• [Required work] In the material below, pictures must be dropped. Repeat exactly, and only, the lines from the line with "Potje met deksel, voor" to the line with "Удалите пять винтов", both ends included.

• [Information provided]
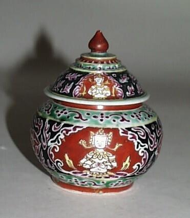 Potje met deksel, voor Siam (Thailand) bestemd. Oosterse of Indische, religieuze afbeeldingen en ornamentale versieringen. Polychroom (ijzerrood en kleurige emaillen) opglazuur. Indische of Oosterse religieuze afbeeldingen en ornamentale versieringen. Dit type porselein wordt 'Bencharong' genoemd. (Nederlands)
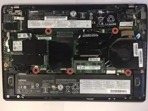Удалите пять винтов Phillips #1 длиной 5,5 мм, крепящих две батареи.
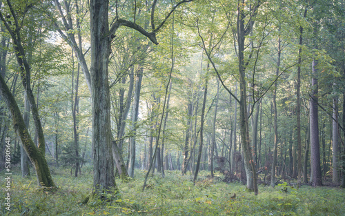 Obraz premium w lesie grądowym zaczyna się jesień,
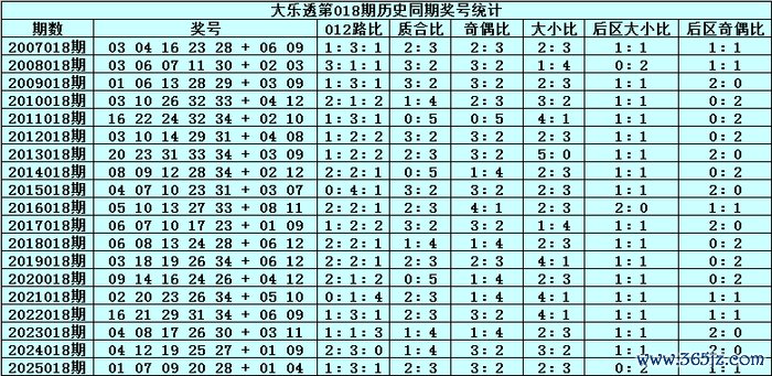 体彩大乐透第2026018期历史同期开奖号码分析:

...

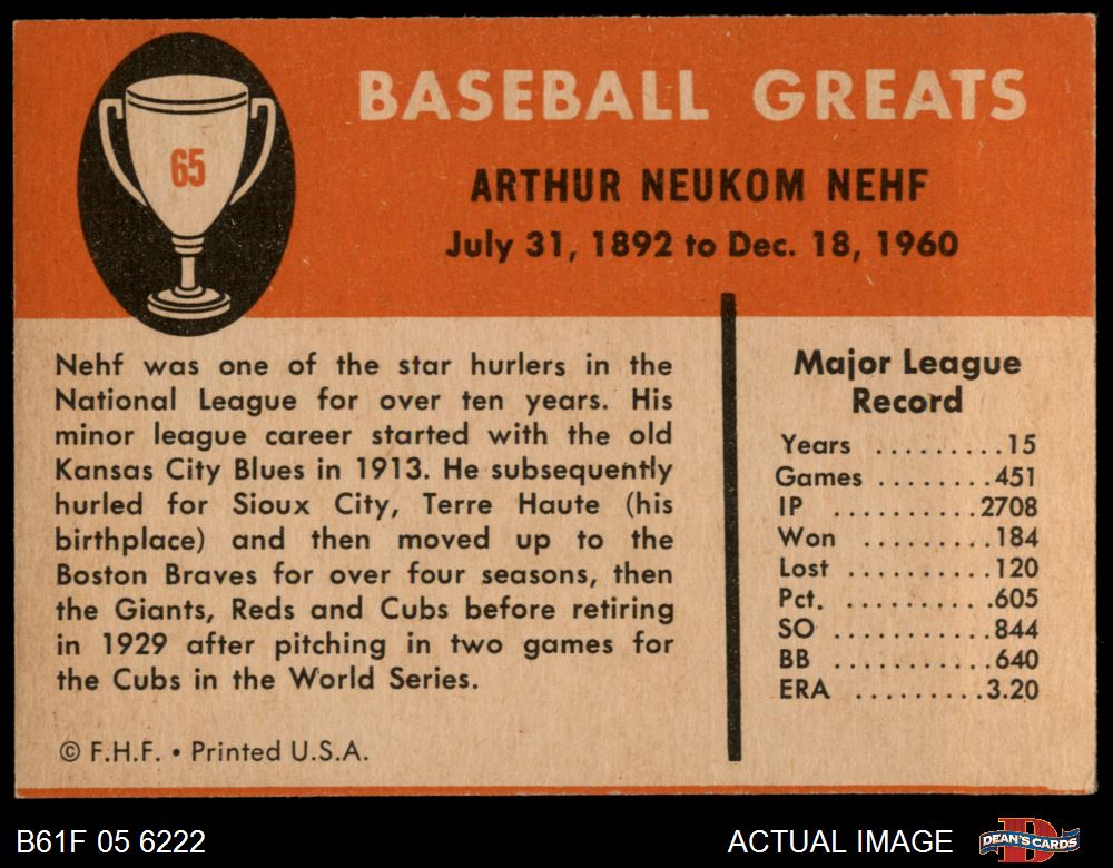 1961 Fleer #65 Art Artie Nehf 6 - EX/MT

• [Final answer]
 Potje met deksel, voor Siam (Thailand) bestemd. Oosterse of Indische, religieuze afbeeldingen en ornamentale versieringen. Polychroom (ijzerrood en kleurige emaillen) opglazuur. Indische of Oosterse religieuze afbeeldingen en ornamentale versieringen. Dit type porselein wordt 'Bencharong' genoemd. (Nederlands)
Удалите пять винтов Phillips #1 длиной 5,5 мм, крепящих две батареи.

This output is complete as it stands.